Copy each entry verbatim, excluding its images.

[Start of section]

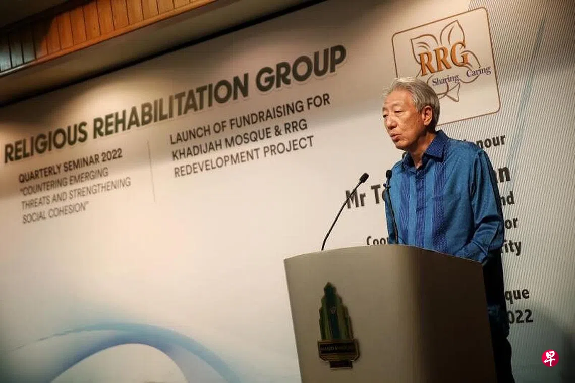 国务资政兼国家安全统筹部长张志贤表扬宗教改造小组(Religious Rehabilitation Group,简称RRG)等民间组织多年来不间断的社区联系工作,即使在冠病疫情期间,也继续通过视讯同年轻人和客工等群体交流,协助加强社会对抗恐怖主义的韧性。
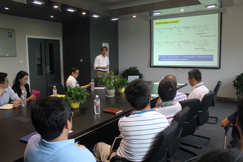 Tsutomu Yokozawa,有机聚合物领域的知名专家。1987年获得东京工业大学有机化学博士学位, 1997-1998在美国伊利诺伊州立大学任访问学者,目前在日本神奈川大学开展有机聚合物方面的研究工作,在权威期刊上发表论文近200余篇,出版专著17章,在该领域有着很高的学术影响力。Tsutomu Yokozawa教授2014年1月开始担任Polymer的副主编,同时也是PRESTO(precursory research for embryonic science and technology)和JST(Japan Science and Technology Agency)的会员。访问期间,高分子事业部的刘升高和郑文革研究员等与Tsutomu Yokozawa进行了热烈的讨论。该次访问不仅增进了学术层面上的交流,更为双方将来的进一步合作铺平了道路。
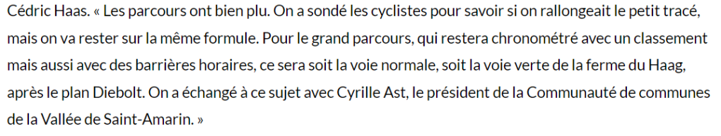 déclaration de Cédric Haas, l’organisateur du Gran Fondo, dans les DNA
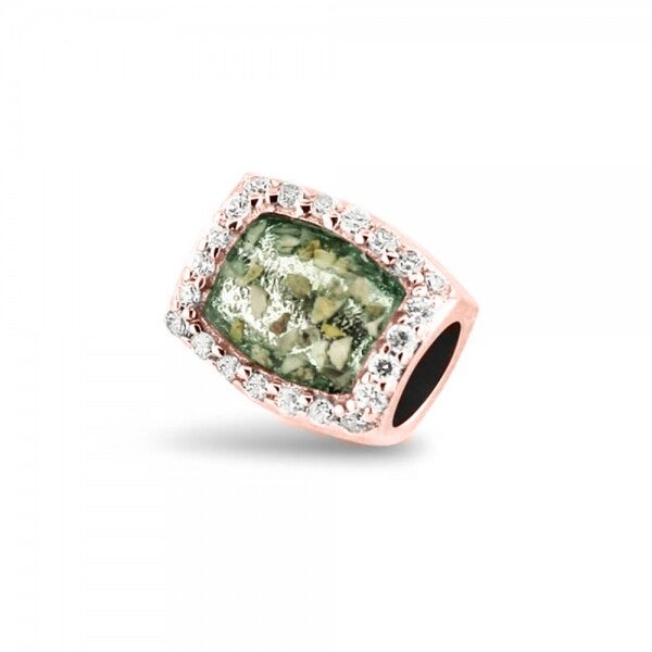 Zilveren bedel met zirkonia. De bedel kan aan beide zijden gevuld worden met as of haar. De bedel is geschikt om aan armbanden 811 S, 812 S of 813 S gedragen te worden. Tevens geschikt om aan een Pandora armband te dragen.
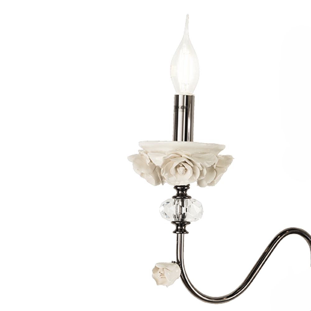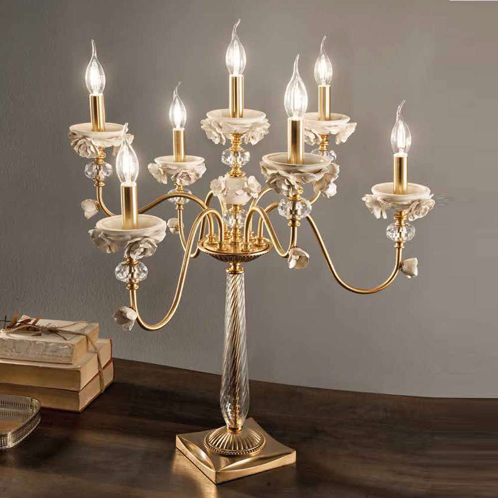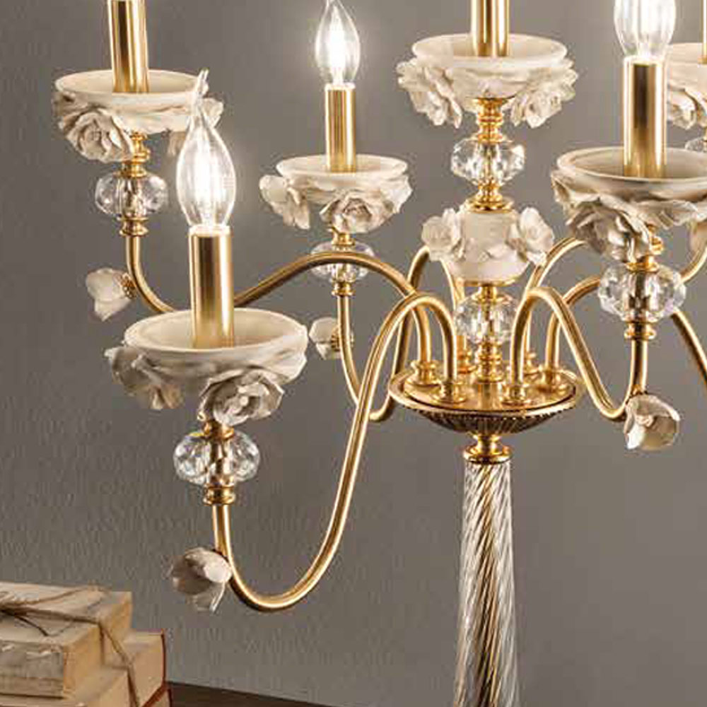 Lámpara flambeaux de 7 luces en porcelana y vidrio soplado, lujo made in Italy.
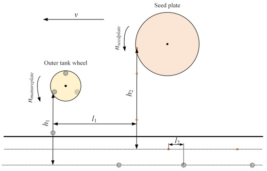 Taking the Dvor 2BQD-18 electric drive pneumatic precision seeder (Heilongjiang Dewo technology development Co., Ltd., Haerbin, China) [34] as an example, the operation process was to fertilize first and then seed. There was a certain installation distance between the fertilizer drop mouth and the seed guide mouth. To realize the correspondence between seed and fertilizer, it is necessary to determine the relative position of seed and fertilizer according to the time of seed and fertilizer drop. We assumed that the speed of the seeder did not change abruptly, and there was no bounce after the seed and fertilizer entered the soil.

[End of section]

▶ [YOUR SOLUTION]:
 国务资政兼国家安全统筹部长张志贤表扬宗教改造小组(Religious Rehabilitation Group,简称RRG)等民间组织多年来不间断的社区联系工作,即使在冠病疫情期间,也继续通过视讯同年轻人和客工等群体交流,协助加强社会对抗恐怖主义的韧性。
 Tsutomu Yokozawa,有机聚合物领域的知名专家。1987年获得东京工业大学有机化学博士学位, 1997-1998在美国伊利诺伊州立大学任访问学者,目前在日本神奈川大学开展有机聚合物方面的研究工作,在权威期刊上发表论文近200余篇,出版专著17章,在该领域有着很高的学术影响力。Tsutomu Yokozawa教授2014年1月开始担任Polymer的副主编,同时也是PRESTO(precursory research for embryonic science and technology)和JST(Japan Science and Technology Agency)的会员。访问期间,高分子事业部的刘升高和郑文革研究员等与Tsutomu Yokozawa进行了热烈的讨论。该次访问不仅增进了学术层面上的交流,更为双方将来的进一步合作铺平了道路。
 déclaration de Cédric Haas, l’organisateur du Gran Fondo, dans les DNA
 Zilveren bedel met zirkonia. De bedel kan aan beide zijden gevuld worden met as of haar. De bedel is geschikt om aan armbanden 811 S, 812 S of 813 S gedragen te worden. Tevens geschikt om aan een Pandora armband te dragen.
 Lámpara flambeaux de 7 luces en porcelana y vidrio soplado, lujo made in Italy.
 Taking the Dvor 2BQD-18 electric drive pneumatic precision seeder (Heilongjiang Dewo technology development Co., Ltd., Haerbin, China) [34] as an example, the operation process was to fertilize first and then seed. There was a certain installation distance between the fertilizer drop mouth and the seed guide mouth. To realize the correspondence between seed and fertilizer, it is necessary to determine the relative position of seed and fertilizer according to the time of seed and fertilizer drop. We assumed that the speed of the seeder did not change abruptly, and there was no bounce after the seed and fertilizer entered the soil.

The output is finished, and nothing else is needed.